**Instructions for the task:** Skip pictures in the listing below; copy exactly the lines from the one with "O macacão longo" through the one with "krój one size.", inclusive.

**Exercise material:**
....

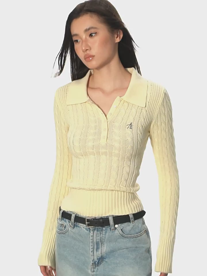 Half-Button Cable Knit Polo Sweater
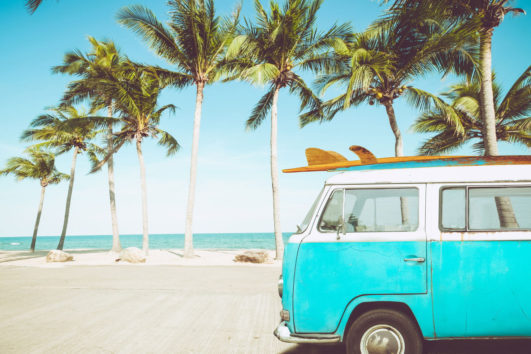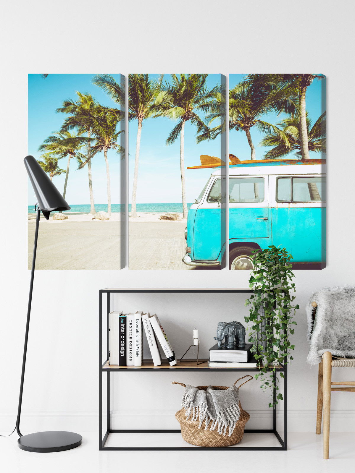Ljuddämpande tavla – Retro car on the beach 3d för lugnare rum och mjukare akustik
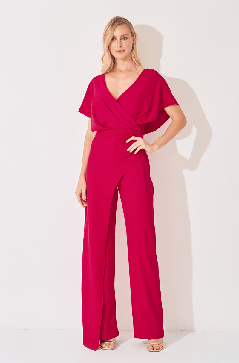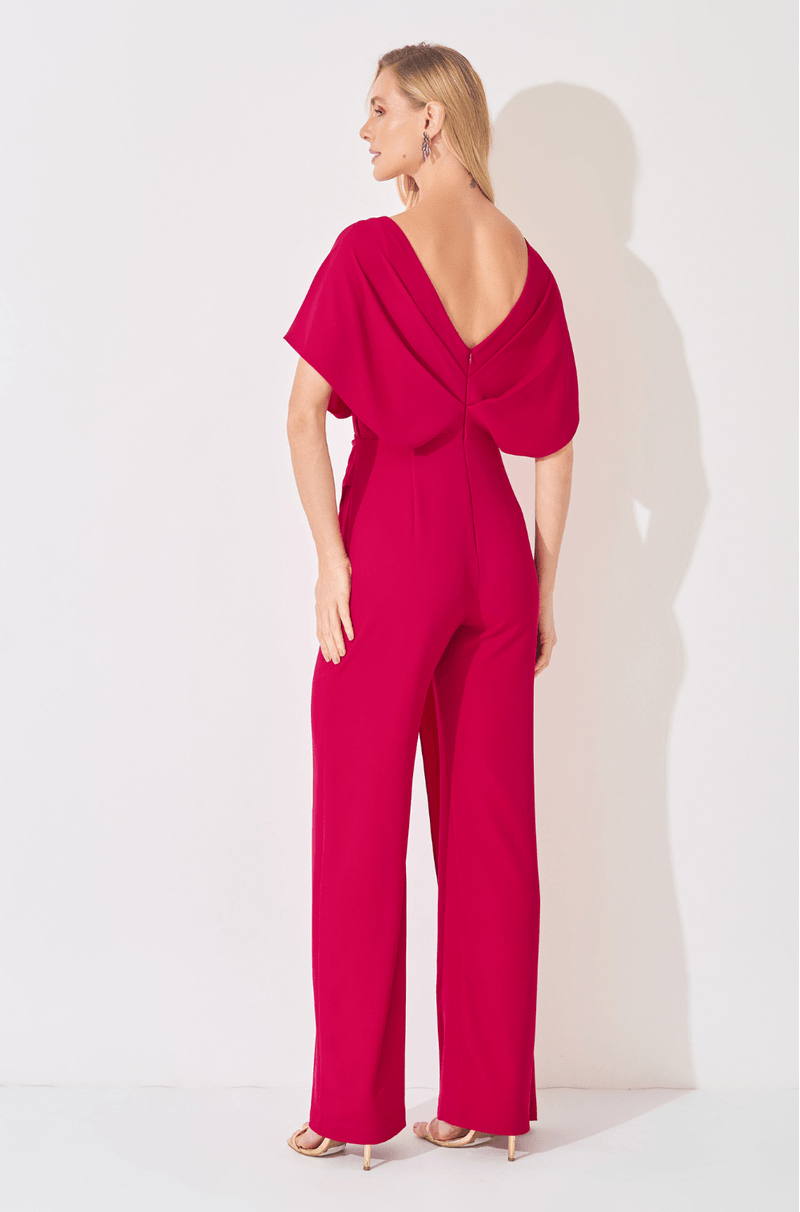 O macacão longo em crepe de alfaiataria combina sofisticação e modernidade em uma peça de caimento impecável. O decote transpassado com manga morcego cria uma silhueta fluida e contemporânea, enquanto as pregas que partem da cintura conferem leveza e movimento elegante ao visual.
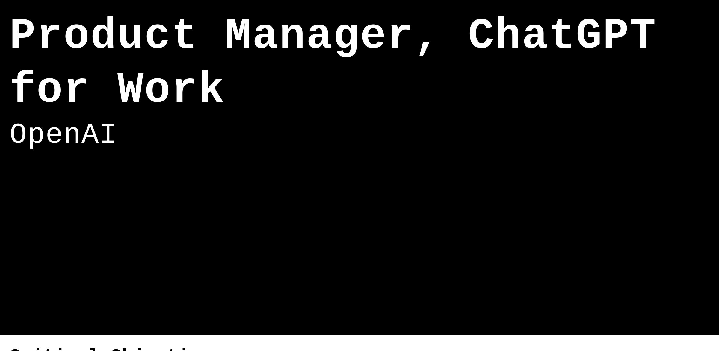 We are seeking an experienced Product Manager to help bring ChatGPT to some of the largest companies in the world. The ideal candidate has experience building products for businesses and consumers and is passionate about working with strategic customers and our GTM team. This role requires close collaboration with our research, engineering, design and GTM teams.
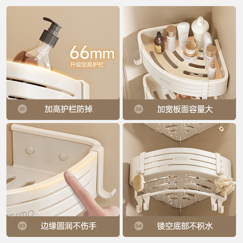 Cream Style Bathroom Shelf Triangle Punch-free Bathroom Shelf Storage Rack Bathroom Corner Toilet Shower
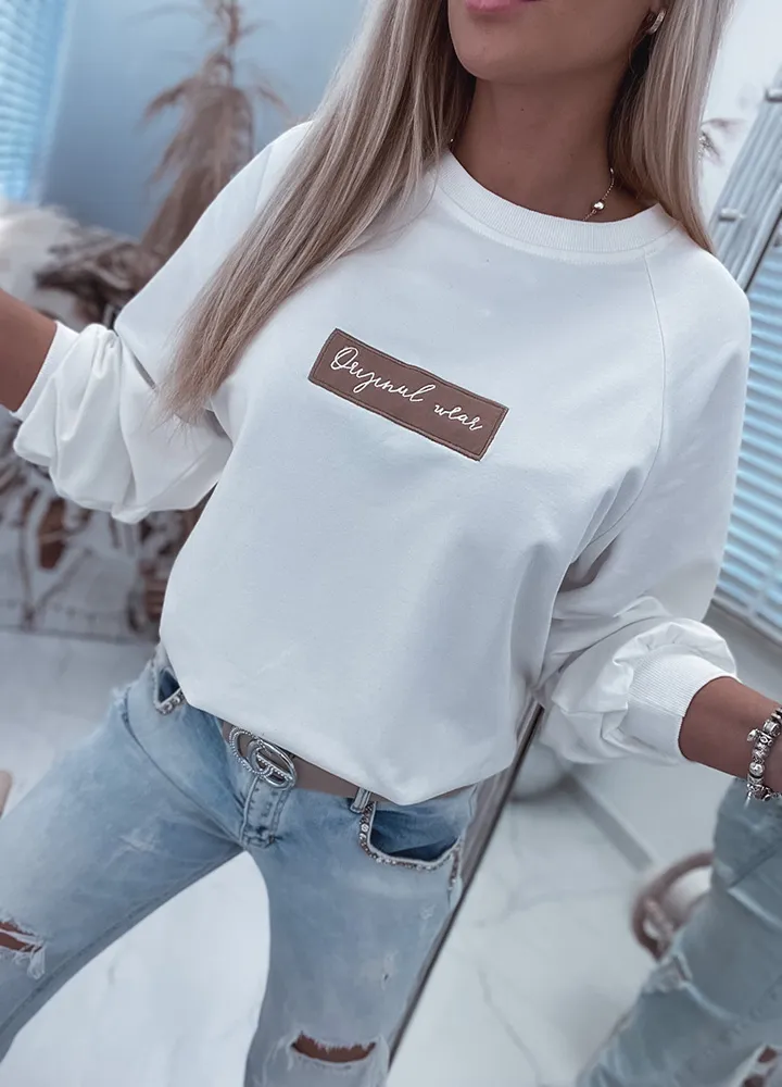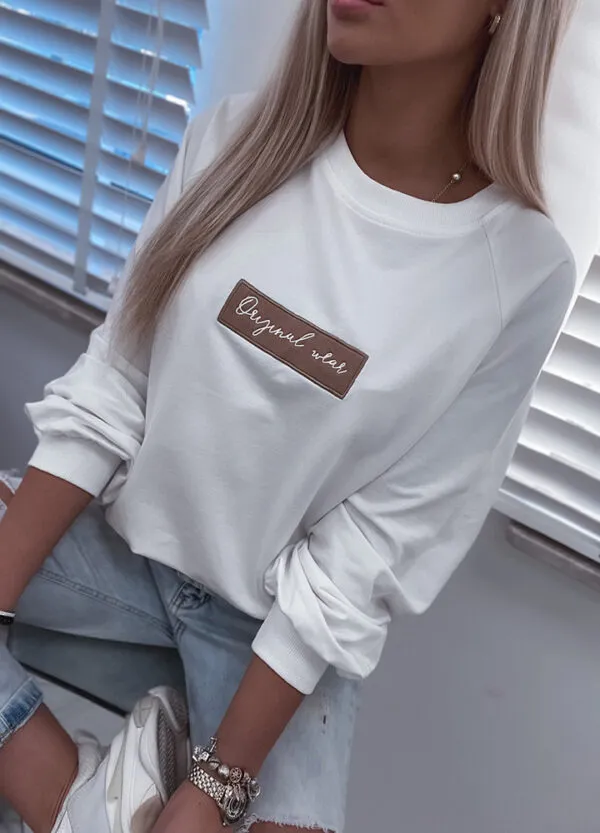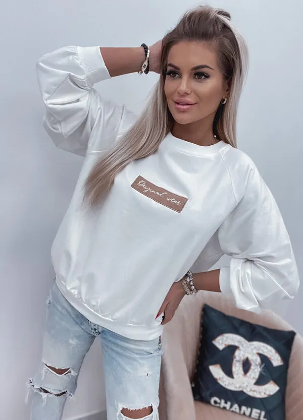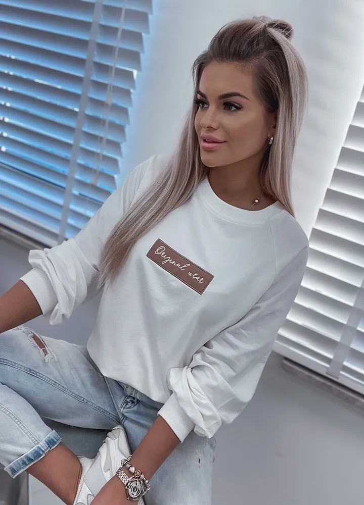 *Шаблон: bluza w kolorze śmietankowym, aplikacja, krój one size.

....

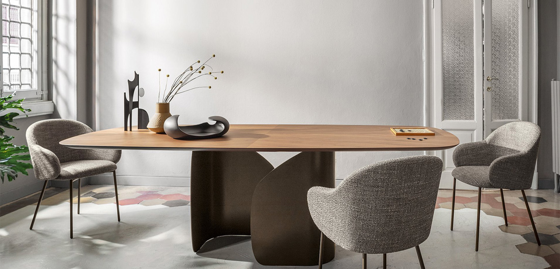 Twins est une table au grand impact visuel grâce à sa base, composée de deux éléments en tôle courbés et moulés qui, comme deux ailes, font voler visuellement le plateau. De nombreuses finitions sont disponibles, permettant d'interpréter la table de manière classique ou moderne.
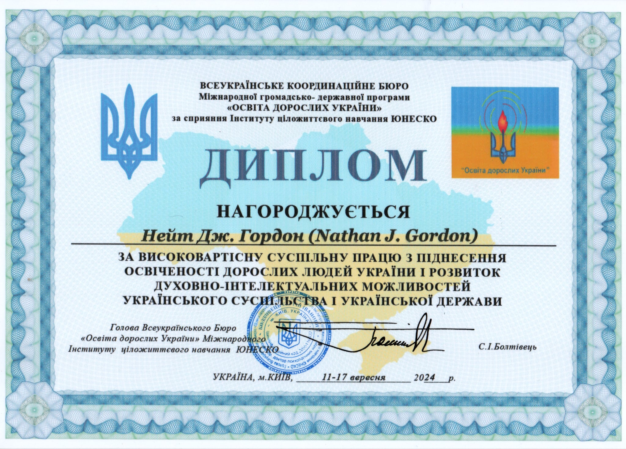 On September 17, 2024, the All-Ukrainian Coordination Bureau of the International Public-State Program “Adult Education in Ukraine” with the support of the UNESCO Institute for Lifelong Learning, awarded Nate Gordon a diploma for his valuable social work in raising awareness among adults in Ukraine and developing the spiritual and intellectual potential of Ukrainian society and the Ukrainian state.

....

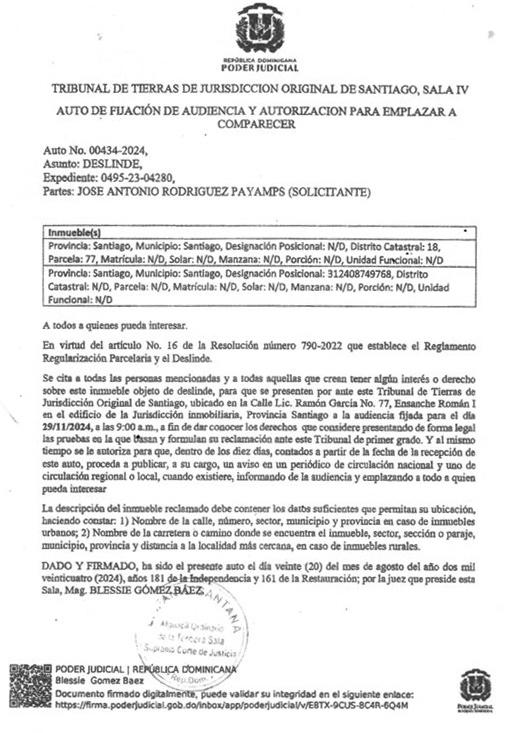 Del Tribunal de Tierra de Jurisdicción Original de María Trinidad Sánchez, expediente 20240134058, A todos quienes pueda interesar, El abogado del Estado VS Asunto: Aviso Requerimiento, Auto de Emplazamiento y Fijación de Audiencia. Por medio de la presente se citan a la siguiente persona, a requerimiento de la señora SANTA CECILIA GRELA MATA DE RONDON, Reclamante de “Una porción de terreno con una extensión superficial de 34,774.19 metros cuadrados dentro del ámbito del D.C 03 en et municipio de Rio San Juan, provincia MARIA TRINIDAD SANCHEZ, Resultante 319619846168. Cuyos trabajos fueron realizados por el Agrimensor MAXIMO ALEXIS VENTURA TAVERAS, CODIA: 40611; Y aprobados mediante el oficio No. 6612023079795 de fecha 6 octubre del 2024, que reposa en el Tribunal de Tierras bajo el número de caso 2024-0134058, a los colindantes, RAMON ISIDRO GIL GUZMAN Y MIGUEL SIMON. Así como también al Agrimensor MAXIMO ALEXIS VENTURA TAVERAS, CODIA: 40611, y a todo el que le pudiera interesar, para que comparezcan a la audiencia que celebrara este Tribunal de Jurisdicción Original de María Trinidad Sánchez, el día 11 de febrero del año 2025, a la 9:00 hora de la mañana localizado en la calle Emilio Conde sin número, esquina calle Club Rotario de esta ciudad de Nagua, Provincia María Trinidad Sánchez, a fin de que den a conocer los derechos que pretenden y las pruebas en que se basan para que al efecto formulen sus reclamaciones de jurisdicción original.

....

**Task output:**
 O macacão longo em crepe de alfaiataria combina sofisticação e modernidade em uma peça de caimento impecável. O decote transpassado com manga morcego cria uma silhueta fluida e contemporânea, enquanto as pregas que partem da cintura conferem leveza e movimento elegante ao visual.
 We are seeking an experienced Product Manager to help bring ChatGPT to some of the largest companies in the world. The ideal candidate has experience building products for businesses and consumers and is passionate about working with strategic customers and our GTM team. This role requires close collaboration with our research, engineering, design and GTM teams.
 Cream Style Bathroom Shelf Triangle Punch-free Bathroom Shelf Storage Rack Bathroom Corner Toilet Shower
 *Шаблон: bluza w kolorze śmietankowym, aplikacja, krój one size.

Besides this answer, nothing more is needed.